The Role of Forecasts

One of the most interesting aspects of the system is its use of weather forecasts. Instead of considering only today's conditions, the service analyses expected precipitation and evapotranspiration over the next 24, 48 and 72 hours. If the forecast indicates that upcoming rainfall will provide sufficient water to satisfy crop demand, irrigation can be postponed. In this way, the service avoids unnecessary irrigation, reducing water consumption and increasing sustainability. Looking ahead, rather than only at the present, is what allows the system to prevent waste before it happens.

The Decision Process and Operational Robustness

The final decision process combines all the available evidence: previous soil conditions, Sentinel-2 vegetation stress indicators, Sentinel-3 atmospheric information, optional Sentinel-1 soil moisture, forecast rainfall, evapotranspiration and terrain characteristics. An important feature of this design is its robustness. Even if some optional layers are missing, the system continues to operate, assigning a lower confidence score instead of interrupting the process. This design philosophy ensures that the service remains operational under real-world conditions, where data is not always complete.

The Outputs

The output generated by the service is far richer than a simple yes-or-no irrigation recommendation. Several GeoTIFF layers are produced. These include estimated water demand, suggested irrigation amount in millimetres, maps indicating where irrigation can be postponed, confidence scores and final decision classes. The decision map classifies every agricultural pixel into one of four categories: no data, no irrigation required, postpone irrigation, or irrigation recommended. Additional evaluation layers provide a simplified interpretation of crop water conditions using a traffic-light approach.

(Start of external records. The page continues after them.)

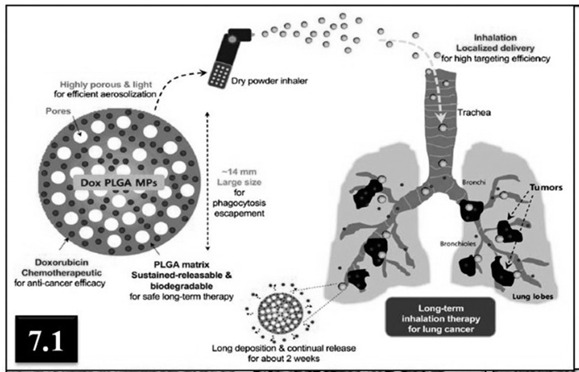 In a study performed by Hershey et al. treated 24 anesthetized dogs with developed stages of spontaneous primary lung cancer or metastases with doxorubicin or paclitaxel aerosols administered twice weekly [178]. Tumor suppression was achieved in 25% of dogs with significant tumors without any systemic side effects usually associated with i.v. administration of these drugs and without pulmonary toxicity in the dogs treated with paclitaxel. In a studies demonstrated by Ajay Gautham et al. clearly explained the aerosol delivery of PEI–p53 complexes which inhibits B16-F10 lung metastases through regulation of angiogenesis [179]. Insoo Kim et al. in 2012 and his group fabricated doxorubicin-loaded highly porous large PLGA microparticles for the treatment of metastatic lung cancer via inhalation and they found Dox PLGA MPs have great potential as a long-term inhalation agent for the treatment of lung cancer (fig 7.1 & 7.4) [27]. At present, the study of inhaled doxorubicin combined with platinum-based therapy by Gregory et al. is in the phase I/II clinical trial for advanced NSCLC [180].
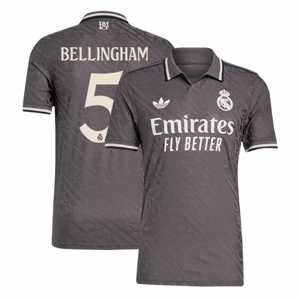 Step onto the pitch with the BELLINGHAM #5 Real Madrid Third Away Authentic Soccer Jersey, a sleek tribute to one of the world’s most legendary clubs. Featuring a sophisticated charcoal gray base adorned with subtle, intricate patterns and refined cream accents on the collar, sleeves, and lettering, this jersey captures the spirit of Real Madrid’s relentless pursuit of excellence. The classic polo collar adds a touch of timeless elegance to this modern design, echoing the club’s rich history of prestige and victory.
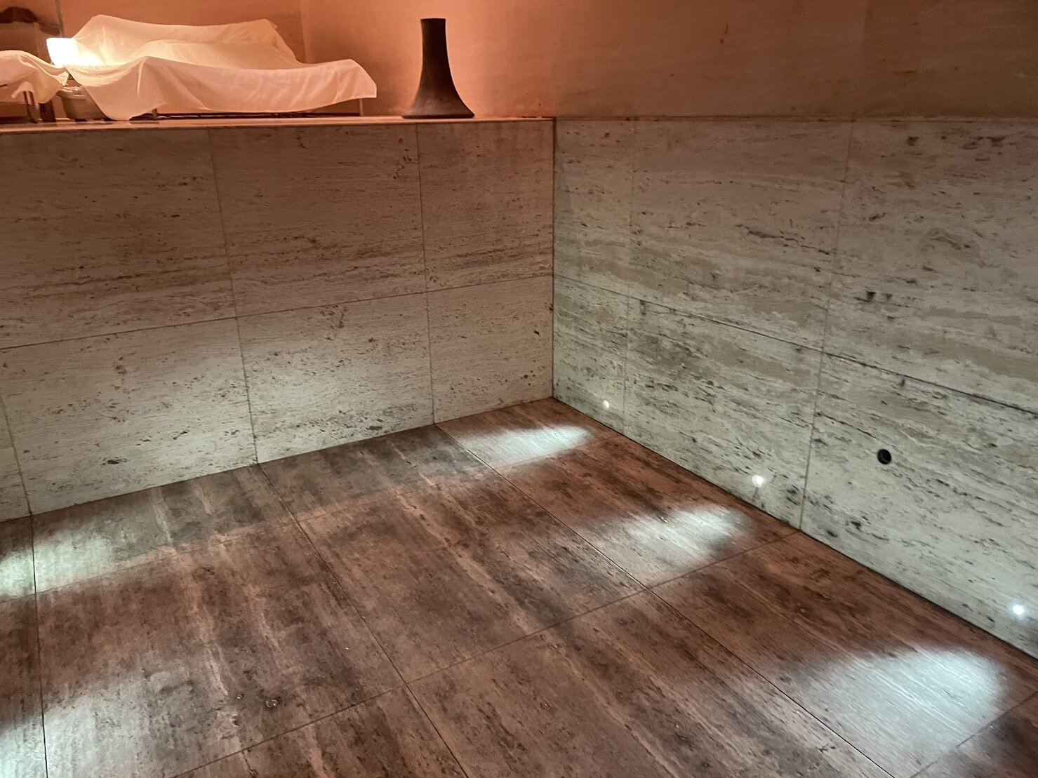 - 浴室の大理石壁に目立つ茶シミ、サビ抜き施工で白大理石本来の白さ復活

Green areas indicate adequate moisture, yellow regions suggest moderate concern, red areas correspond to water deficit conditions, and a separate category identifies zones where rainfall is expected to satisfy future water needs. Behind these classes lies a water deficit index ranging from zero to one hundred, which quantifies the severity of crop water stress. The service also produces forecast products describing expected rainfall and evapotranspiration over different time horizons.

This allows users to understand not only the current situation, but also how water availability is expected to evolve over the coming days. The ratio between forecast rainfall and crop demand provides an estimate of how much of the crop water requirement will be naturally satisfied by precipitation. Besides raster products, EagleArca generates human-readable summaries and smart alerts. These alerts transform complex geospatial statistics into operational messages. For example, the system may indicate that a large portion of the field requires irrigation, that irrigation can safely be postponed because rainfall is expected, or that the confidence of the decision is reduced because some information layers were unavailable.

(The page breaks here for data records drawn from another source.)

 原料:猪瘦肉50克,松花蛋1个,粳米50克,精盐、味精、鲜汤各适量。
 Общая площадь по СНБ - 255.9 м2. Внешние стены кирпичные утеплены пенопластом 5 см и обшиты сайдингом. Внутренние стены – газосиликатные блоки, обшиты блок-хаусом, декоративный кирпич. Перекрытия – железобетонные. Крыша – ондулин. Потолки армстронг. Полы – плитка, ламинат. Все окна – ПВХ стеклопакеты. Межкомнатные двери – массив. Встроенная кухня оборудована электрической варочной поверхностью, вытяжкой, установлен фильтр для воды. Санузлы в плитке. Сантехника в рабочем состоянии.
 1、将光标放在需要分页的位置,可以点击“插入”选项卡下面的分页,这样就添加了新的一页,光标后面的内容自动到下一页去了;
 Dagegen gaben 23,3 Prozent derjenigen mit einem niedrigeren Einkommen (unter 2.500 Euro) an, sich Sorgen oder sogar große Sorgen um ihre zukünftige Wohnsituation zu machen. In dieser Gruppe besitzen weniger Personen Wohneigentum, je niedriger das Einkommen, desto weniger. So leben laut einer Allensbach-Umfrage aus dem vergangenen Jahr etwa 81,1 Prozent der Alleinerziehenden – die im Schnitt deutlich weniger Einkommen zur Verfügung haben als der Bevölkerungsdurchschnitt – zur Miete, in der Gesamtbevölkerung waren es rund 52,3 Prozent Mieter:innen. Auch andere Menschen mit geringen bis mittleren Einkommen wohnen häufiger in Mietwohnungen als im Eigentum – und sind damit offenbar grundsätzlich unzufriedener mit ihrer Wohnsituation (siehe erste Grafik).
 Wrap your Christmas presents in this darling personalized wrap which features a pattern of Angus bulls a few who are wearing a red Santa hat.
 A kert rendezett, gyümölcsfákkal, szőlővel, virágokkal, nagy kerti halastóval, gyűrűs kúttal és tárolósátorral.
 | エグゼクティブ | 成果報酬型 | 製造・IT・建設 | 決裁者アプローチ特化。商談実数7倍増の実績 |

Visualization in EagleArca

Inside EagleArca, all these products become georeferenced GIS layers that can be visualized in both 2D and 3D environments. Users can inspect irrigation recommendations spatially, compare them with vegetation health, soil moisture, temperature and weather layers, and observe how conditions evolve through time. Instead of treating agriculture as a collection of isolated measurements, EagleArca transforms satellite observations, weather models, irrigation logs and forecasts into a unified decision-support system.

Ultimately, this humidity and irrigation service represents an example of how Earth observation technologies are evolving from passive monitoring systems into active decision-support infrastructures. By combining satellite imagery, weather forecasts, historical information and field management data, the system helps farmers optimize water use, improve crop resilience and support sustainable agricultural practices. Rather than simply observing the field, the service continuously interprets its behaviour, predicts its future needs, and provides operational recommendations that can contribute to more efficient and climate-resilient agriculture.